# Problem to work on
The answer must reproduce all of the data below exactly and contain no images.

----------

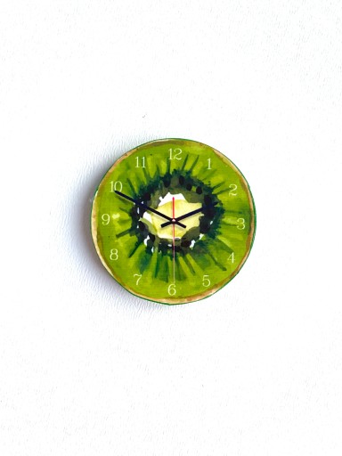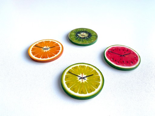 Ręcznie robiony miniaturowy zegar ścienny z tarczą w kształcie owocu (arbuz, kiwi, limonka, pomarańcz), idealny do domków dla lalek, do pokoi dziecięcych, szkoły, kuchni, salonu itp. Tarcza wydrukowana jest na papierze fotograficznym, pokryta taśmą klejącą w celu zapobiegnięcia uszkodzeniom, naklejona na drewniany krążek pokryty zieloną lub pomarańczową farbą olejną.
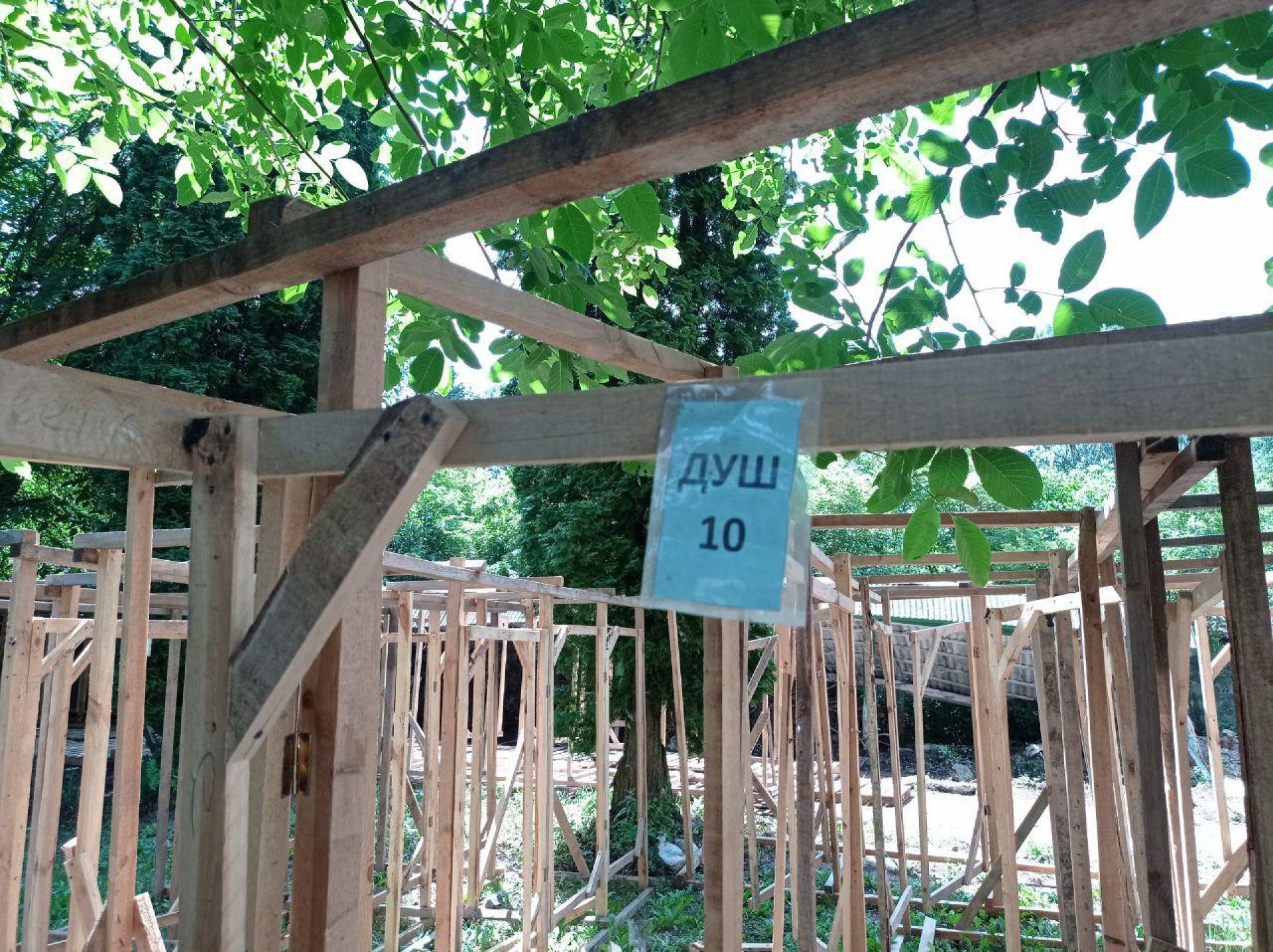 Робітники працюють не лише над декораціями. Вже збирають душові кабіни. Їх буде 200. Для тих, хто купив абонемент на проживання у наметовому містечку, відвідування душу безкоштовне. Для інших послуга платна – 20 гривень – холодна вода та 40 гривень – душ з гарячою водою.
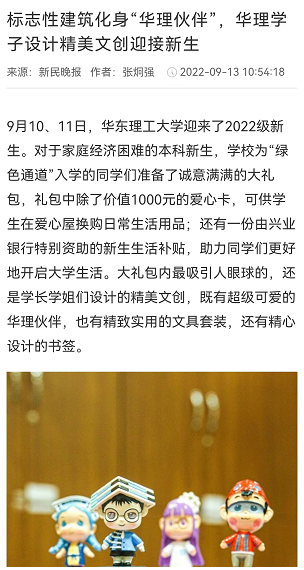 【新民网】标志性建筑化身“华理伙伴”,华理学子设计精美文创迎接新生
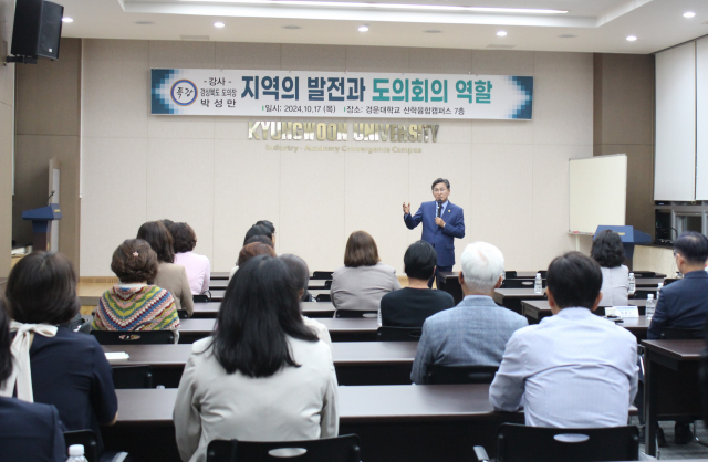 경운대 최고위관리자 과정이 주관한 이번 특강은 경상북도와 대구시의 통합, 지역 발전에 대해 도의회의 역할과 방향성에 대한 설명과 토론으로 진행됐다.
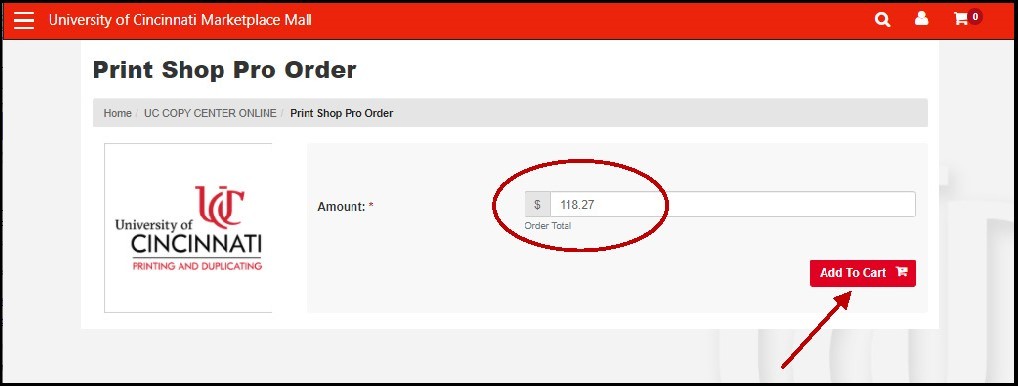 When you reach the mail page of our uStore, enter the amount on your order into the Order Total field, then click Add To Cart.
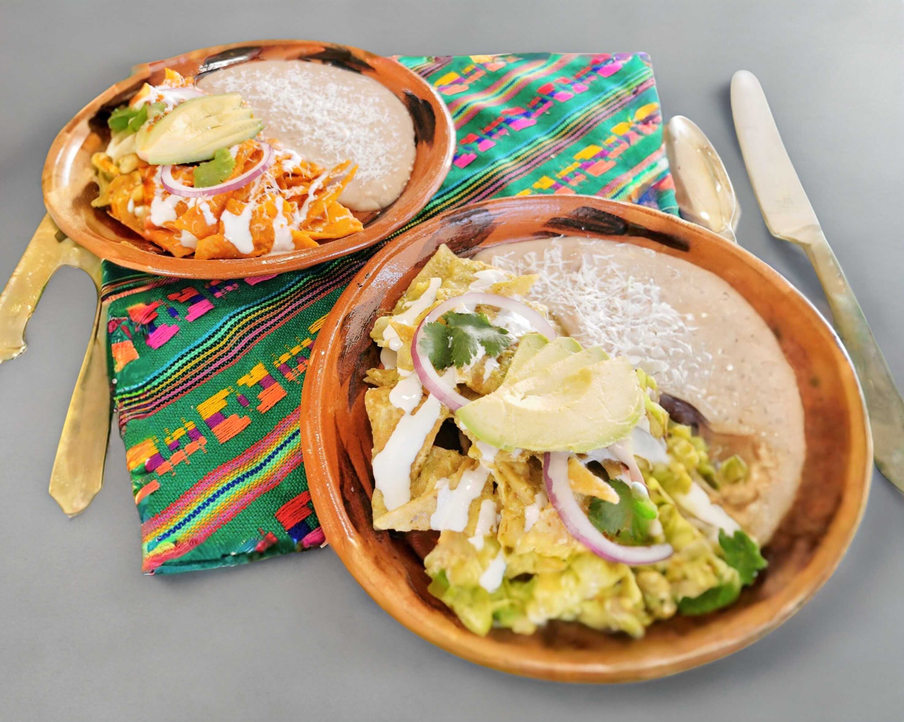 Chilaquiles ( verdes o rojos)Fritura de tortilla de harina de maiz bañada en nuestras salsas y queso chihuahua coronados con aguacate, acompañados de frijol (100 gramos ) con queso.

----------

# Written answer
 Ręcznie robiony miniaturowy zegar ścienny z tarczą w kształcie owocu (arbuz, kiwi, limonka, pomarańcz), idealny do domków dla lalek, do pokoi dziecięcych, szkoły, kuchni, salonu itp. Tarcza wydrukowana jest na papierze fotograficznym, pokryta taśmą klejącą w celu zapobiegnięcia uszkodzeniom, naklejona na drewniany krążek pokryty zieloną lub pomarańczową farbą olejną.
 Робітники працюють не лише над декораціями. Вже збирають душові кабіни. Їх буде 200. Для тих, хто купив абонемент на проживання у наметовому містечку, відвідування душу безкоштовне. Для інших послуга платна – 20 гривень – холодна вода та 40 гривень – душ з гарячою водою.
 【新民网】标志性建筑化身“华理伙伴”,华理学子设计精美文创迎接新生
 경운대 최고위관리자 과정이 주관한 이번 특강은 경상북도와 대구시의 통합, 지역 발전에 대해 도의회의 역할과 방향성에 대한 설명과 토론으로 진행됐다.
 When you reach the mail page of our uStore, enter the amount on your order into the Order Total field, then click Add To Cart.
 Chilaquiles ( verdes o rojos)Fritura de tortilla de harina de maiz bañada en nuestras salsas y queso chihuahua coronados con aguacate, acompañados de frijol (100 gramos ) con queso.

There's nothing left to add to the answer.